In the first instance, data is collected by a researcher or a team of researchers, and the first (data) ‘use’ is by that individual or research team. If the data originator(s) use(s) the same dataset for any later purpose, relating to the original project or not, that too would count as a ‘use’. If the data is shared, including as open data, that would be considered a ‘reuse’. In other words, ‘reuse’ implies a subsequent use of the data by someone other than the originator(s).19

In practice, it can be difficult to monitor data reuse, mainly because researchers rarely cite the repository [251]. At the same time, data originators themselves inconsistently cite data they deposit for reuse. Encouraging consistent data citation practices might increase dissemination,20 yet the factors that motivate researchers to reuse data deposited by others are not well understood.

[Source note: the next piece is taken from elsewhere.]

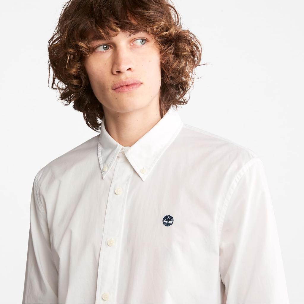Timberland Men's Long Sleeve Washed Poplin Shirt, White, Size XL, TB0A2ERT1001
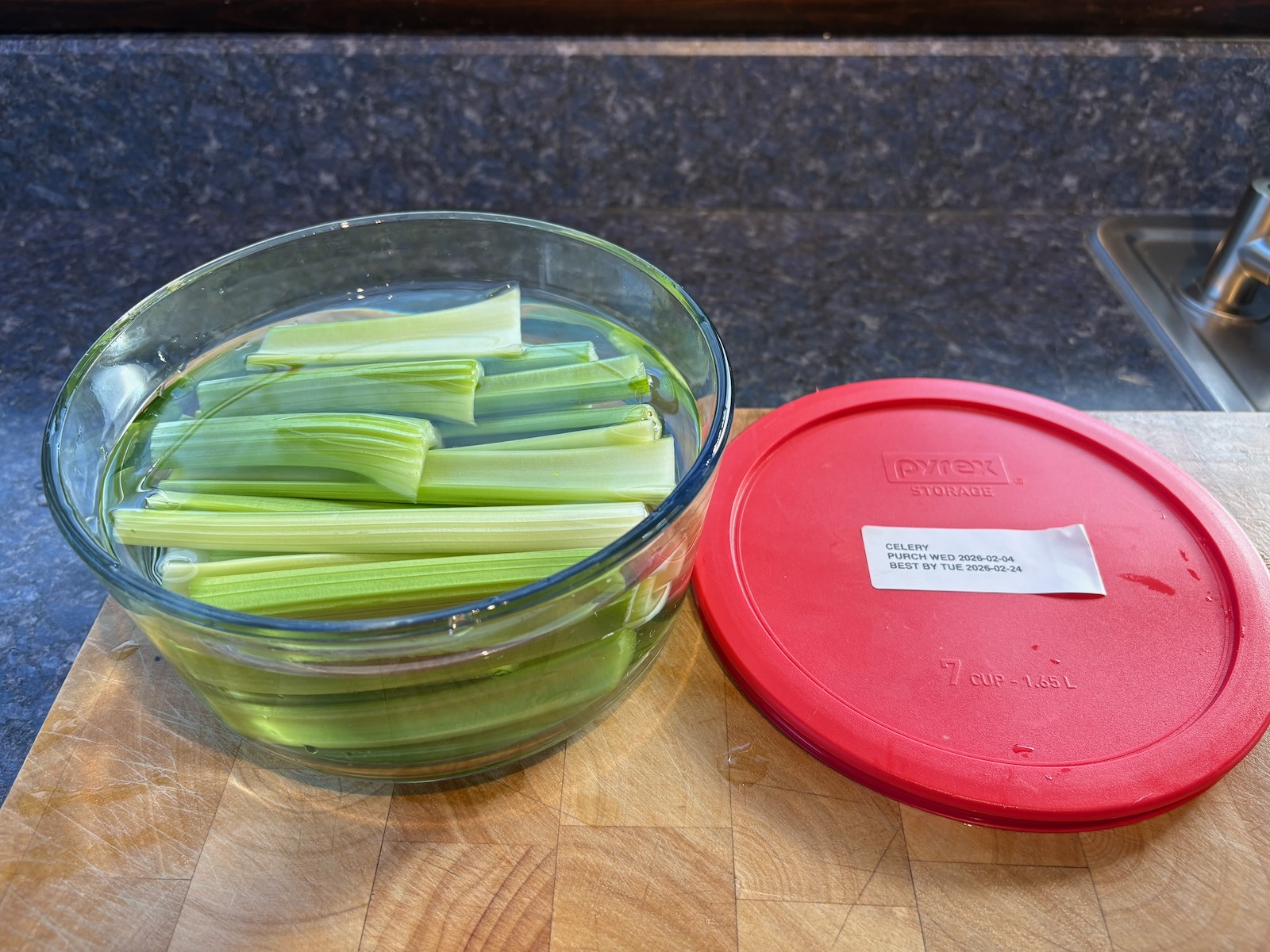 Prepped celery. Storing it in water and changing it every 4 days worked well. Good until Tuesday 2026-02-24.

With advances in technology providing better instrumentation and techniques for gathering data, the quantity of data available for reuse is increasing. At the same time, the reuse and sharing of data are becoming prominent in disciplines where these practices were once uncommon [252]. Data reuse is common in geospatial sciences, astronomy, clinical research, social media, and genomic research, among other areas.

Many obstacles to data reuse remain. They arise largely due the fact that ‘releasing data and making it usable are quite different matters’.21 Successful data reuse necessitates detailed documentation of the original data collection and processing steps in the language and in the context that would enable interpretation of the data by any subsequent user. Such data is often referred to as metadata.

Yet the requirements for data appear to be far broader than is currently captured by the meaning of metadata. For example, detailed description of the unique methods by which data was collected, processed, cleaned, analysed, grouped, and interpreted in statistically correct ways may all be necessary to enable reuse. Information about the software used, including the software version, may also be required, especially in cases where reproducibility is the desired objective. The software used by the data originator may not be available freely or may require upgrading, which can decrease the possibilities for data reuse.

Similarly, the potential for reuse is decreased unless data is documented in the course of the original research project by those with the expertise of data collection and analysis to describe it [167]. Often, however, researchers are preoccupied with writing publications. They are not rewarded for documenting data. Therefore, questions of responsibilities for data documentation and curation lie at the core of our ability to reuse data.22

Many stakeholders in research and academia are exploring the options for overcoming the challenges for data reuse, especially those challenges that can be solved with technology.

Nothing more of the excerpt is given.